Big data-driven risk decision-making and safety management in agricultural supply chains
Main Article Content
Keywords
big data, agricultural supply chain, risk decision-making, safety management, decision tree, multi-criteria decision-making
Abstract
In the era of digitization, the integration of big data technologies has become instrumental in advancing agricultural supply chain management and bolstering risk decision-making processes. Agricultural supply chains, critical to ensuring food security and bolstering rural economies, face vulnerabilities stemming from a myriad of internal and external elements, including natural disasters and market dynamics. Consequently, the urgency to adopt effective risk management strategies is paramount. Contemporary studies have explored the utilization of big data in decision-making processes specific to agricultural supply chain risks, predominantly concentrating on preliminary risk prediction and characterization. Nonetheless, there exists a shortfall in comprehensively analyzing the intricate interplay among risk factors and establishing a holistic risk management decision-making framework based on such analyses.

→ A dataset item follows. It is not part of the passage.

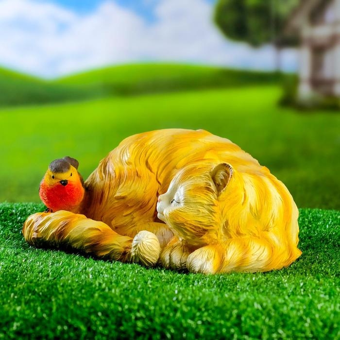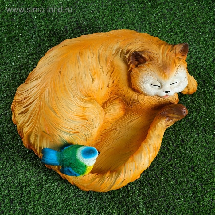 Садовая фигура "Кошка спящая с птичкой" 13х29см
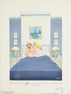 ‘honey’ crossed out in ink, Unpublished cartoon artwork for Playboy, drawn: Dec 1990, open and ink with watercolour, on Daler board, signed lower right, caption below, artists notes lower margin, Copyright Playboy Publications All Rights Reserved & Not For Reproduction stamps on lower margin, 'Kill H' in lower margin possibly by Hugh Hefner, Smilby yellow dot verso, with dust sheet

This research addresses these deficiencies through two principal investigative components. First, this research explores the analysis of risk factors and their interrelationships in the agricultural supply chain based on a decision tree algorithm with a transition structure. This algorithm enhances decision-makers’ understanding of risk factors and their interrelationships, and guide the implementation of effective risk mitigation measures and the formulation of contingency plans. Subsequently, the research constructs a corresponding data-driven multi-criteria decision-making method, assisting managers in balancing different risk management strategies in a volatile supply chain environment, considering costs, benefits, and feasibility to formulate the optimal strategy. The innovation of this research lies in the development of a novel risk analysis tool based on the transition decision tree algorithm. This is the first time that such advanced algorithms are applied to agricultural supply chain risk management, filling a gap in the current research. The outcomes of this study not only contribute to enhancing risk management practices within agricultural supply chains but also offer novel insights and methodological tools that are applicable in research and practices across related domains.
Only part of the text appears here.